The supercold austenite undergoes martensite or bainite transformation, obtain martensite or bainite tissue, and then cooperate with tempering at different temperatures to greatly improve the rigidity, hardness, wear resistance, fatigue strength and toughness of steel, so as to meet the different requirements of various mechanical parts and tools. The ferromagnetic and corrosion resistance of some special steels can also be met through quenching.
The metal workpiece is heated to an appropriate temperature and maintained for a period of time, and then immersed in the quenching medium to quickly cool the metal heat treatment process. Commonly used quenching media include brine, water, mineral oil, air, etc. Quenching can improve the hardness and wear resistance of metal workpieces, so it is widely used in various workpieces, molds, measuring tools and parts that require surface wear resistance (such as gears, rollers, carburizing parts, etc.). Through quenching and tempering at different temperatures, the strength, toughness and fatigue strength of metals can be greatly improved, and the matching between these properties (comprehensive mechanical properties) can be obtained to meet different use requirements.
In addition, quenching can also enable some special properties of steel to obtain certain physical and chemical properties, such as quenching to enhance the ferromagneticity of permanent magnet steel and stainless steel to improve its corrosion resistance.
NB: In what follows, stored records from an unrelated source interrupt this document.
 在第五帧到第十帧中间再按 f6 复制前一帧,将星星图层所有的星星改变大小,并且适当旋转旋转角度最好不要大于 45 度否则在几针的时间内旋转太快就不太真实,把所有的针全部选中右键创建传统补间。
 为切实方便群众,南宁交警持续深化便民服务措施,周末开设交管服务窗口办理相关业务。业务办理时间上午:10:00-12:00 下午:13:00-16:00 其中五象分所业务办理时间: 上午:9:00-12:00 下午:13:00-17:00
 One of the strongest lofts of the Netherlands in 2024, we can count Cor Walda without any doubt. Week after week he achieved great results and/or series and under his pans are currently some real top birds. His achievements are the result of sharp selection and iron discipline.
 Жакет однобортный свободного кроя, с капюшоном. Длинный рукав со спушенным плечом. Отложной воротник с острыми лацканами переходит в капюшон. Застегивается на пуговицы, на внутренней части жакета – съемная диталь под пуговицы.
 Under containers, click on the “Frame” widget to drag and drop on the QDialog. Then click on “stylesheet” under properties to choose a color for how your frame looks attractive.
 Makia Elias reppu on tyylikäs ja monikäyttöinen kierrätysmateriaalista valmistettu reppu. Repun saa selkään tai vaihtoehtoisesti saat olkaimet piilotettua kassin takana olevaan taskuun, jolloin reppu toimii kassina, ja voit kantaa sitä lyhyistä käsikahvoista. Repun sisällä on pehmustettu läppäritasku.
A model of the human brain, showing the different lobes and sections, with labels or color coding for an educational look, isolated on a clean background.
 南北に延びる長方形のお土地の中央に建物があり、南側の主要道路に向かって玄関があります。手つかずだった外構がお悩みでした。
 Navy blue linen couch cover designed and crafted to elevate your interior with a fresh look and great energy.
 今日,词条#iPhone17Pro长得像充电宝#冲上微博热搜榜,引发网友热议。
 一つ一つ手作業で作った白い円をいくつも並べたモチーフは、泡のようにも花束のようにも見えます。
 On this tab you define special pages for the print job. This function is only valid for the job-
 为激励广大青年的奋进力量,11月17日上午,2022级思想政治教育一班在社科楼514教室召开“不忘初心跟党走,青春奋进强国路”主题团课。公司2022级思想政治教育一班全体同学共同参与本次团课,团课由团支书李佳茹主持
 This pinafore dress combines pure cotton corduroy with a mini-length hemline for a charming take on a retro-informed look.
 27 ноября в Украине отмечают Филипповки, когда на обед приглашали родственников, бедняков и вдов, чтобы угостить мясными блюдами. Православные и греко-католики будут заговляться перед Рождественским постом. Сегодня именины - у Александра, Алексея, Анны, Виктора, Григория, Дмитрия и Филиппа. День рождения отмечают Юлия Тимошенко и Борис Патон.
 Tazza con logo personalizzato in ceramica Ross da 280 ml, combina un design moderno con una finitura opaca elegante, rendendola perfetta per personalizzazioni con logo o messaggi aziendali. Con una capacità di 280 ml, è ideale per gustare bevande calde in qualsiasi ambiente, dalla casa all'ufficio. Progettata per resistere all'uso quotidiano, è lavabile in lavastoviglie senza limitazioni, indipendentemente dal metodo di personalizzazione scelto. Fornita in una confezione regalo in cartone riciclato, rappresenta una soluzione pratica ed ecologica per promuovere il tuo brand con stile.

The quenching process is mainly used for steel parts. When the commonly used steel is heated above the critical temperature, the original tissue at room temperature will be completely or mostly converted into austenite. The steel is then immersed in water or oil to cool quickly, and the austenite is converted into martensite. Compared with other tissues in steel, martensitic hardness is the highest. Rapid cooling during quenching will cause internal stress inside the workpiece. When it is large to a certain extent, the workpiece will be twisted, deformed or even cracked. To this end, the appropriate cooling method must be selected. According to the cooling method, the quenching process is divided into four categories: single liquid quenching, double medium quenching, martensite graded quenching and bainite isothermal quenching.